ERNIE-Layout: Layout Knowledge Enhanced Pre-training for Visually-rich Document Understanding

AI-generated keywords: Pre-training techniques Layout-centered knowledge ERNIE-Layout Multi-modal transformer architecture Document understanding

AI-generated Key Points

The license of the paper does not allow us to build upon its content and the key points are generated using the paper metadata rather than the full article.

  • Significant advancement in pre-training techniques for visually-rich document understanding
  • Introduction of ERNIE-Layout by a team of researchers
  • ERNIE-Layout enhances layout knowledge and generates better representations by combining text, layout, and image features
  • Key innovation of ERNIE-Layout: rearranging input sequences, introducing reading order prediction task, integrating spatial-aware disentangled attention, and replaced regions prediction task during pre-training
  • Experimental results show that ERNIE-Layout outperforms existing methods on various downstream tasks
  • Research paper detailing ERNIE-Layout accepted at EMNLP 2022 (Findings) authored by a team of experts in the field
  • Code and models associated with ERNIE-Layout are publicly available for further exploration and implementation
Also access our AI generated: Comprehensive summary, Lay summary, Blog-like article; or ask questions about this paper to our AI assistant.

Authors: Qiming Peng, Yinxu Pan, Wenjin Wang, Bin Luo, Zhenyu Zhang, Zhengjie Huang, Teng Hu, Weichong Yin, Yongfeng Chen, Yin Zhang, Shikun Feng, Yu Sun, Hao Tian, Hua Wu, Haifeng Wang

Accepted to EMNLP 2022 (Findings)

Abstract: Recent years have witnessed the rise and success of pre-training techniques in visually-rich document understanding. However, most existing methods lack the systematic mining and utilization of layout-centered knowledge, leading to sub-optimal performances. In this paper, we propose ERNIE-Layout, a novel document pre-training solution with layout knowledge enhancement in the whole workflow, to learn better representations that combine the features from text, layout, and image.
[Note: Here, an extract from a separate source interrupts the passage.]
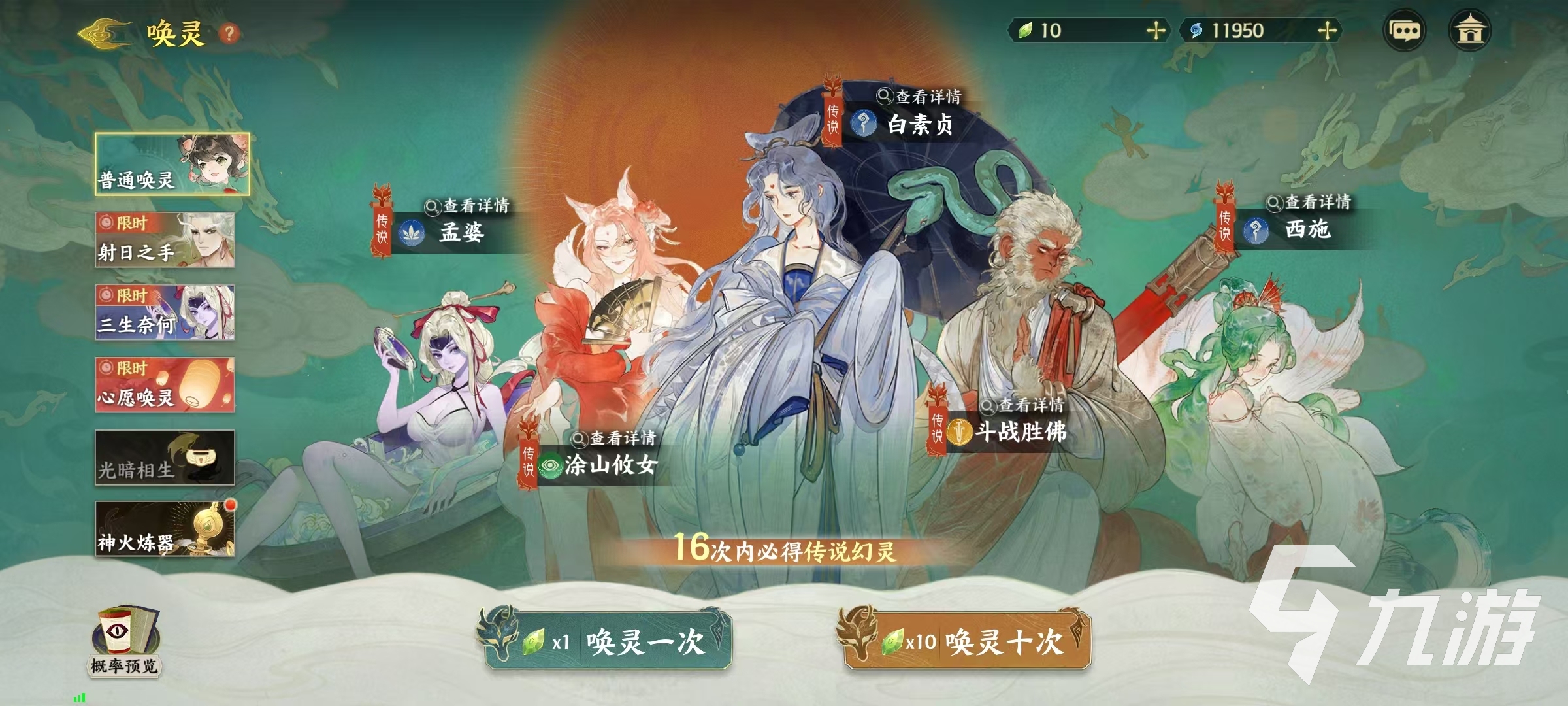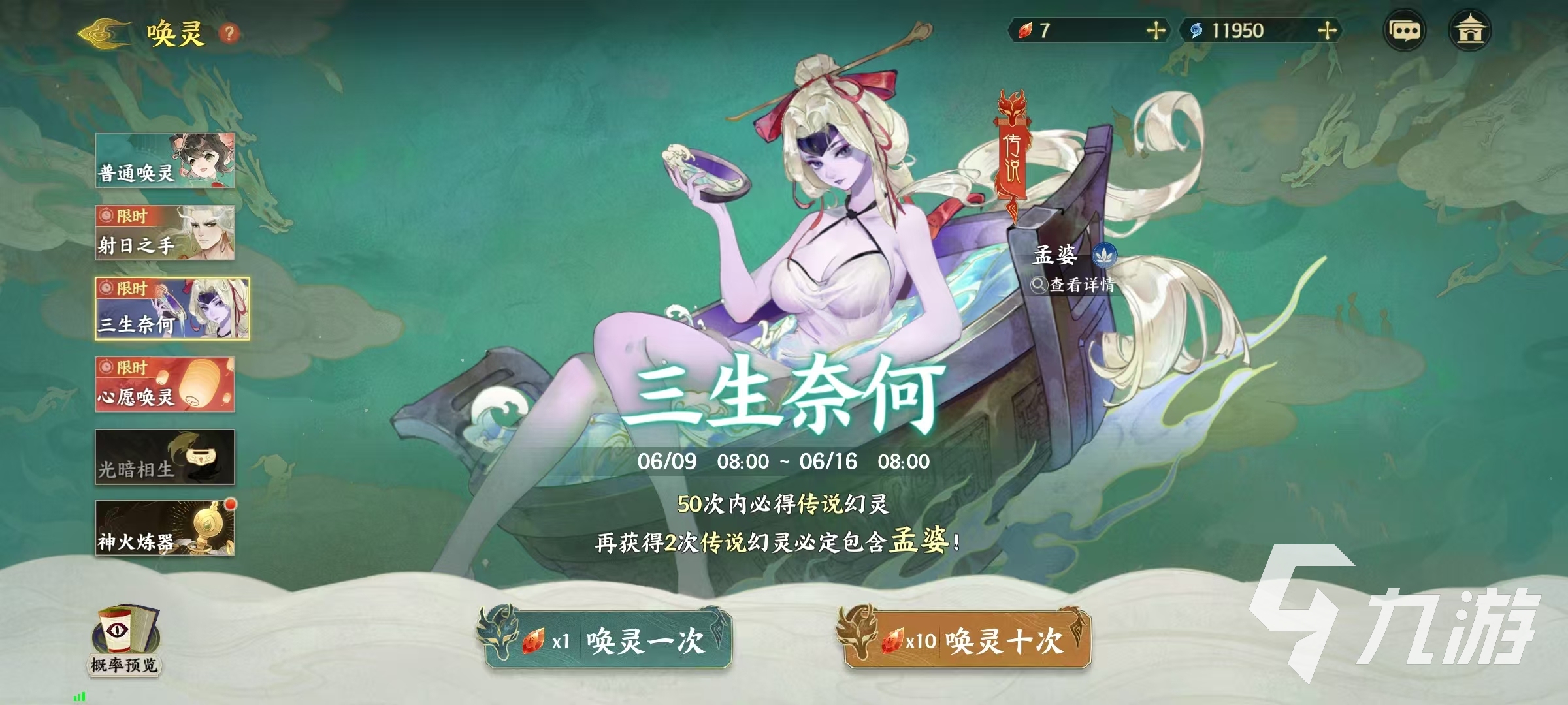 先來看最基礎(chǔ)的普通喚靈,也就是普通池,這里面可以出現(xiàn)游戲中所有的角色。適用于新手玩家在最初的時(shí)候選擇按,簡(jiǎn)單來說就是抽到哪些就直接使用。后續(xù)會(huì)開放限定池,在游戲剛剛開服的時(shí)候,兩個(gè)限定池分別是射日之手和三生奈何,這兩個(gè)池子中一個(gè)可以出現(xiàn)傳說級(jí)角色后羿,一個(gè)可以出現(xiàn)傳說級(jí)角色孟婆。這兩個(gè)池子是小編推薦大家一定要去抽的,因?yàn)槊窟M(jìn)行50次抽取,必定會(huì)得到對(duì)應(yīng)的傳說品質(zhì)角色,后羿是當(dāng)前輸出的頂流,而孟婆則是輔助中的佼佼者。

Specifically, we first rearrange input sequences in the serialization stage, and then present a correlative pre-training task, reading order prediction, to learn the proper reading order of documents. To improve the layout awareness of the model, we integrate a spatial-aware disentangled attention into the multi-modal transformer and a replaced regions prediction task into the pre-training phase. Experimental results show that ERNIE-Layout achieves superior performance on various downstream tasks, setting new state-of-the-art on key information extraction, document image classification, and document question answering datasets. The code and models are publicly available at http://github.com/PaddlePaddle/PaddleNLP/tree/develop/model_zoo/ernie-layout.

Submitted to arXiv on 12 Oct. 2022

Ask questions about this paper to our AI assistant

You can also chat with multiple papers at once here.

The license of the paper does not allow us to build upon its content and the AI assistant only knows about the paper metadata rather than the full article.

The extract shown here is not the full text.